Where AI, Employees, and the Law Intersect

Baker Botts and ACC Houston hosted a half-day seminar on January 29, 2026 that featured timely discussions on AI, employment law, and what’s ahead for the workplace. Partners Rich Harper, Paul Morico and Scott Nelson and Latasha McDade, Senior Counsel at Exxon Mobil Corporation, Tenley Krueger, Vice President, Global Intellectual Property at Technip Energies and Courtney Flores, Managing Compliance Counsel at Motiva Enterprises participated in a session titled “Where AI, Employees, and the Law Intersect.”

Key Takeaways 

  1. AI use in employment has shifted from experimentation to accountability. Employers of all sizes are using AI to inform hiring, pay, promotion, discipline, and workforce reductions. The central legal question is no longer focused on a manager’s intent. The focus is now on how AI tools are trained, governed, documented, and reviewed. Weak documentation, limited human involvement, or overreliance on vendor tools increases risk even where no discriminatory motive exists. Employers remain responsible for explaining employee outcomes and demonstrating meaningful oversight.  
     
  2. Governance failures drive trade secret and IP risk. Generative AI expands the risk of confidential data disclosure, loss of trade secret protection, and ownership disputes.
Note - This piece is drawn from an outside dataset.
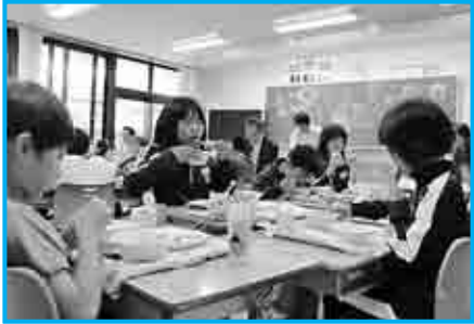
給食を楽しむ3年生たち

Employee inputs into third‑party tools and unreviewed AI‑assisted work product create exposure tied to process breakdowns rather than bad intent. Employers should treat AI as a drafting assistant rather than an author. Employees must review, validate, and finalize AI‑assisted work to confirm originality, ownership, and compliance.  
     
  3. Recording and investigations demand clear limits and human control. Workplaces increasingly operate on the assumption activity may be recorded or summarized by AI‑enabled tools. Employers should address consent, transparency, and confidentiality directly in policy, particularly for internal investigations and privileged communications. Panelists cautioned against using generative AI for witness interviews, credibility assessments, or conclusions. AI tools support administrative tasks such as timelines and organization. Core fact‑finding and judgment remain human responsibilities.  
     
  4. Vendor reliance does not shift accountability. Emerging state and local AI laws reinforce the employer’s role as the deployer of AI systems. Brand‑name vendors and off‑the‑shelf tools do not reduce legal responsibility. Employers need structured diligence, defined controls, and clear documentation of testing, safeguards, and human review. These expectations apply equally to large enterprises and smaller organizations adopting AI tools.  
     
  5. Cautious adoption and continuous learning define current practice. Across company size and industry, employers are moving forward carefully, learning alongside large language models, and adjusting governance as real‑world use reveals risk. Adoption is no longer about whether to use AI. The focus is on control, accountability, and understanding how AI affects employee decisions. Effective AI programs focus on employee decision‑making, documented human oversight, clear training, and transparent communication about how AI is used and why.